* [Stored data]

+ + + +

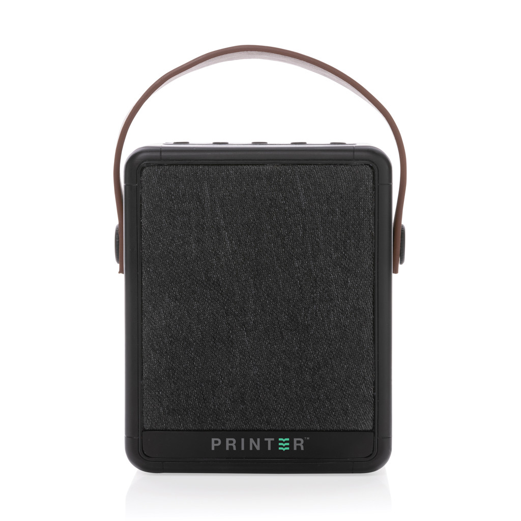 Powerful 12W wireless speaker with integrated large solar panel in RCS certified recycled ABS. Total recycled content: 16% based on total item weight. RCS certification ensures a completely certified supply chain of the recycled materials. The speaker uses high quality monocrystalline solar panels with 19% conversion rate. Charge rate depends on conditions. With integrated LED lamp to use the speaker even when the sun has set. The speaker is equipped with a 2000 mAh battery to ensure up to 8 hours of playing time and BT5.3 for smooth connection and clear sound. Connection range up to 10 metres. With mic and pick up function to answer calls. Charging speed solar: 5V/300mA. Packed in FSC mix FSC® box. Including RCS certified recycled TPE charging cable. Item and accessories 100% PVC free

+ + + +

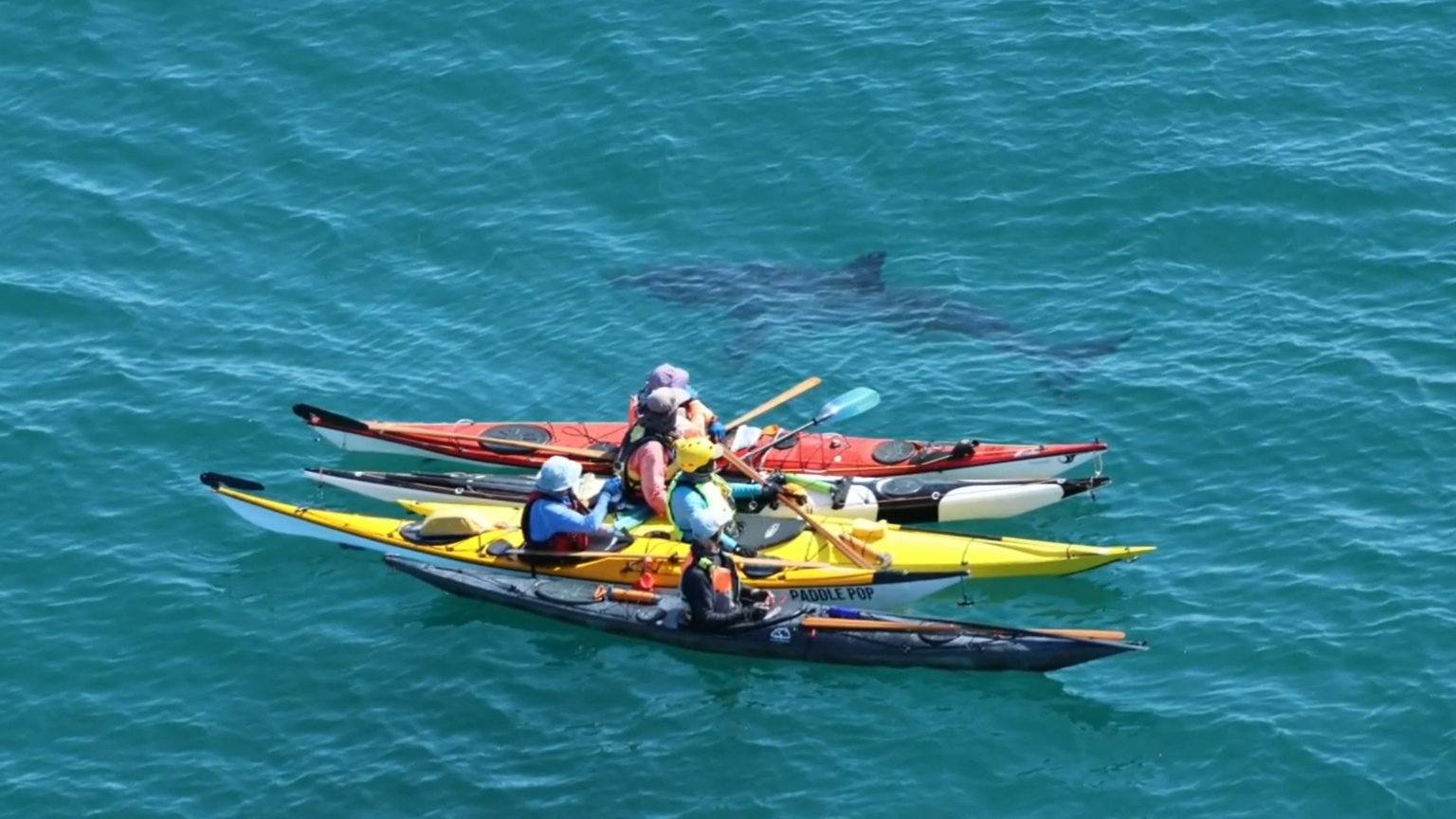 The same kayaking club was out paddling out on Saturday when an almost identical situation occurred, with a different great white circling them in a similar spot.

+ + + +

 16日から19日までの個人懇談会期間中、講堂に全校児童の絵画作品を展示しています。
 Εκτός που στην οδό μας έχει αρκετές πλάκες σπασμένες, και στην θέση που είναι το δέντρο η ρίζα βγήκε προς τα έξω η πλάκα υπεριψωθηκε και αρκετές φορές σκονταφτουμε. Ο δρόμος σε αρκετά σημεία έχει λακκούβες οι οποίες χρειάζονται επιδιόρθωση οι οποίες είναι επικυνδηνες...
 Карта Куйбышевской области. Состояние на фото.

+ + + +

* [The problem] Take the lines above from the one containing "Εκτός που στην" down to the one containing "Карта Куйбышевской области.", and transcribe them exactly, both ends included.

* [Answer area]
 Εκτός που στην οδό μας έχει αρκετές πλάκες σπασμένες, και στην θέση που είναι το δέντρο η ρίζα βγήκε προς τα έξω η πλάκα υπεριψωθηκε και αρκετές φορές σκονταφτουμε. Ο δρόμος σε αρκετά σημεία έχει λακκούβες οι οποίες χρειάζονται επιδιόρθωση οι οποίες είναι επικυνδηνες...
 Карта Куйбышевской области. Состояние на фото.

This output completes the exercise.